Work order: The response should contain all of the data below, reproduced exactly, and no pictures.

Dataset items
++++++
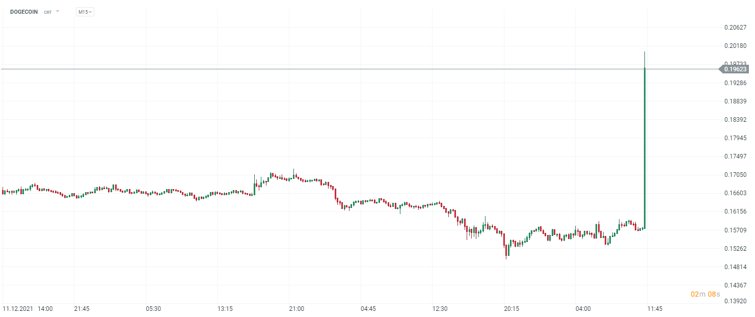 DOGECOIN rośnie obecnie o niemal 25%, po tym jak Elon Musk poinformował na Twitterze o możliwości kupna niektórych produktów Tesli za DOGECOINy. Nie jest to pierwszy raz, kiedy prezes Tesli w pozytywny sposób odnosi się do tego projektu.
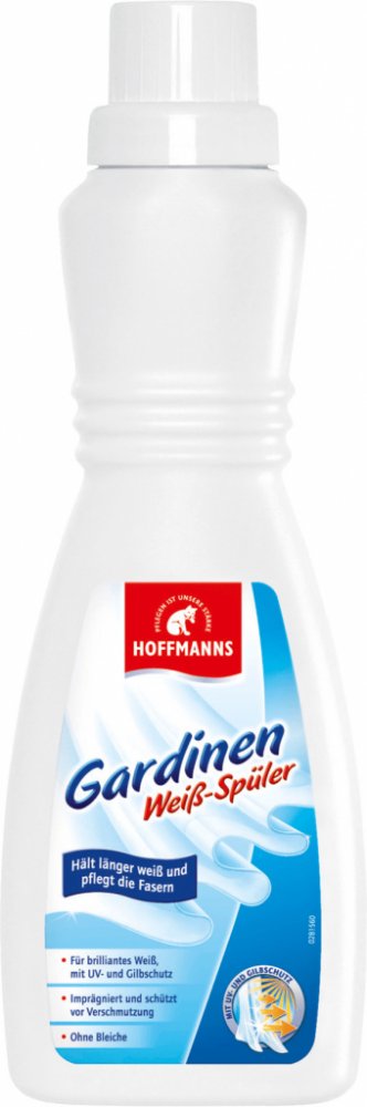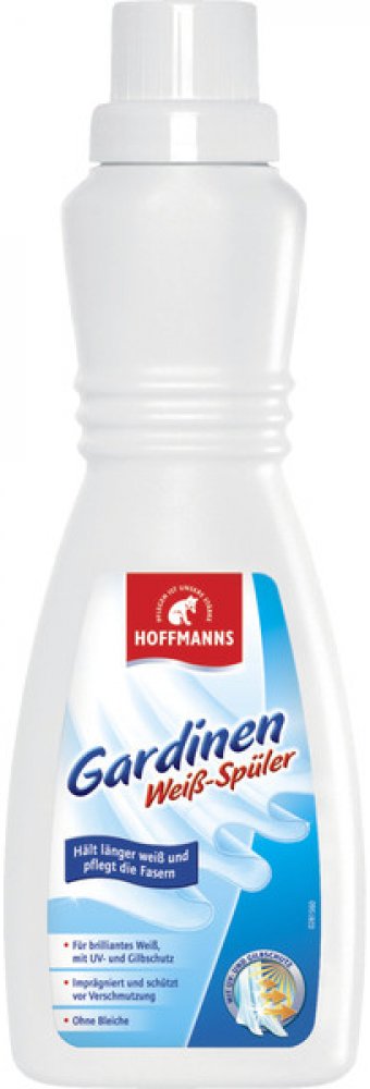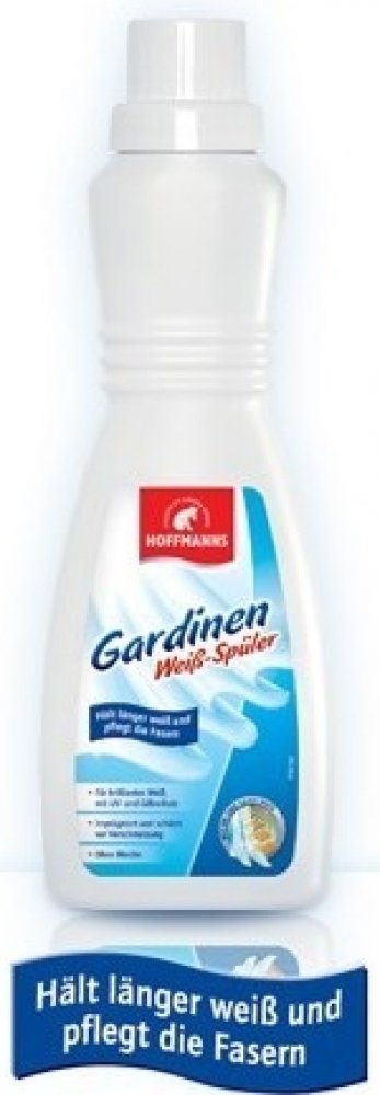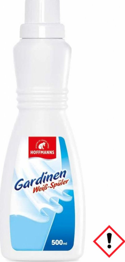 Německý Hoffmann přípravek na bělení záclon Gardinen vyživuje a impregnuje citlivá vlákna záclon s ochranou proti UV záření a žloutnutí. Pro dlouhotrvající bílou s ochranou proti nečistotám. Pro zářivé a krásné bílé záclony po dlouhou dobu. Dermatologicky testováno. Německá kvalita.POUŽITÍ:Před každým použitím lahvičku protřepejte. Pro každý prací cyklus přidejte přibližně 2,75 dávkovacích uzávěrů (165 ml) do přihrádky na aviváž vaší pračky až do maximálního limitu „MAX“ dávkovací přihrádky. Záclony odstřeďte pouze lehce nebo zvolte speciální program na záclony. Pověsit kapající mokré. Zakryjte citlivé podlahové plochy. Pro ruční praní zřeďte cca 2,75 dávkovacího uzávěru (165 ml) bělící aviváže s 10 l studené vody. Dobře vypranou záclonu vložte na 5 minut do máchací lázně, jemně přitlačte a zavěste. Zakryjte citlivé podlahové plochy.SLOŽENÍ:Viz inhaltsstoffe na zadní straně obalu.DOVOZ:NĚMECKO.UPOZORNĚNÍ:NEBEZPEČÍ. Může vyvolat alergické kožní reakce. Uchovávejte mimo dosah dětí. Používejte ochranné rukavice/ochranný oděv/ochranné brýle/obličejový štít. PŘI POŽITÍ: Necítíte-li se dobře, volejte TOXIKOLOGICKÉ INFORMAČNÍ STŘEDISKO/lékaře. PŘI STYKU S KŮŽÍ: Omyjte velkým množstvím vody a mýdla. PŘI ZASAŽENÍ OČÍ: Několik minut opatrně vyplachujte vodou. Pokud je to možné, vyjměte kontaktní čočky. Pokračujte ve vyplachování. Pokud podráždění očí přetrvává: Vyhledejte lékařskou pomoc/ošetření.ŽIVOTNÍ PROSTŘEDÍ:Zcela prázdný a čistý obal je možné recyklovat. Chraňte životní prostředí recyklací. Má to smysl.
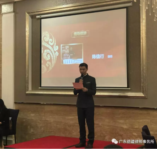 晚会开始,我所陈信行主任进行了发言。陈信行主任总结了2019年的工作,对2019年德疆所取得的成绩予以肯定,并展望未来的一年里,德疆所能在保持传承的基础,迈向新途,开启新章。
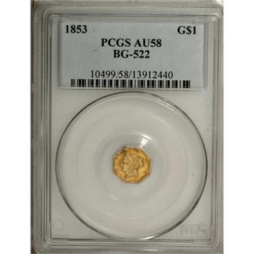 1853 $1 Liberty Octagonal 1 Dollar, BG-522, High
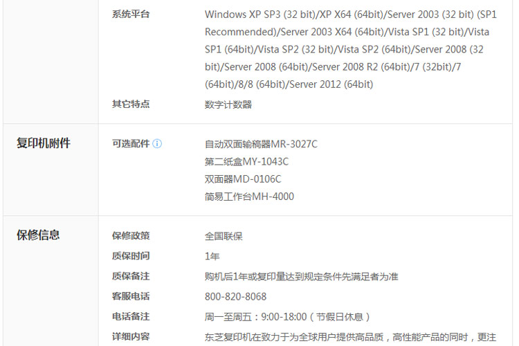 商品名称:☆东芝(TOSHIBA) 2309A (双面器/有线网络打印/350页) 复印机
++++++
Problem solution:
 DOGECOIN rośnie obecnie o niemal 25%, po tym jak Elon Musk poinformował na Twitterze o możliwości kupna niektórych produktów Tesli za DOGECOINy. Nie jest to pierwszy raz, kiedy prezes Tesli w pozytywny sposób odnosi się do tego projektu.
 Německý Hoffmann přípravek na bělení záclon Gardinen vyživuje a impregnuje citlivá vlákna záclon s ochranou proti UV záření a žloutnutí. Pro dlouhotrvající bílou s ochranou proti nečistotám. Pro zářivé a krásné bílé záclony po dlouhou dobu. Dermatologicky testováno. Německá kvalita.POUŽITÍ:Před každým použitím lahvičku protřepejte. Pro každý prací cyklus přidejte přibližně 2,75 dávkovacích uzávěrů (165 ml) do přihrádky na aviváž vaší pračky až do maximálního limitu „MAX“ dávkovací přihrádky. Záclony odstřeďte pouze lehce nebo zvolte speciální program na záclony. Pověsit kapající mokré. Zakryjte citlivé podlahové plochy. Pro ruční praní zřeďte cca 2,75 dávkovacího uzávěru (165 ml) bělící aviváže s 10 l studené vody. Dobře vypranou záclonu vložte na 5 minut do máchací lázně, jemně přitlačte a zavěste. Zakryjte citlivé podlahové plochy.SLOŽENÍ:Viz inhaltsstoffe na zadní straně obalu.DOVOZ:NĚMECKO.UPOZORNĚNÍ:NEBEZPEČÍ. Může vyvolat alergické kožní reakce. Uchovávejte mimo dosah dětí. Používejte ochranné rukavice/ochranný oděv/ochranné brýle/obličejový štít. PŘI POŽITÍ: Necítíte-li se dobře, volejte TOXIKOLOGICKÉ INFORMAČNÍ STŘEDISKO/lékaře. PŘI STYKU S KŮŽÍ: Omyjte velkým množstvím vody a mýdla. PŘI ZASAŽENÍ OČÍ: Několik minut opatrně vyplachujte vodou. Pokud je to možné, vyjměte kontaktní čočky. Pokračujte ve vyplachování. Pokud podráždění očí přetrvává: Vyhledejte lékařskou pomoc/ošetření.ŽIVOTNÍ PROSTŘEDÍ:Zcela prázdný a čistý obal je možné recyklovat. Chraňte životní prostředí recyklací. Má to smysl.
 晚会开始,我所陈信行主任进行了发言。陈信行主任总结了2019年的工作,对2019年德疆所取得的成绩予以肯定,并展望未来的一年里,德疆所能在保持传承的基础,迈向新途,开启新章。
 1853 $1 Liberty Octagonal 1 Dollar, BG-522, High
 商品名称:☆东芝(TOSHIBA) 2309A (双面器/有线网络打印/350页) 复印机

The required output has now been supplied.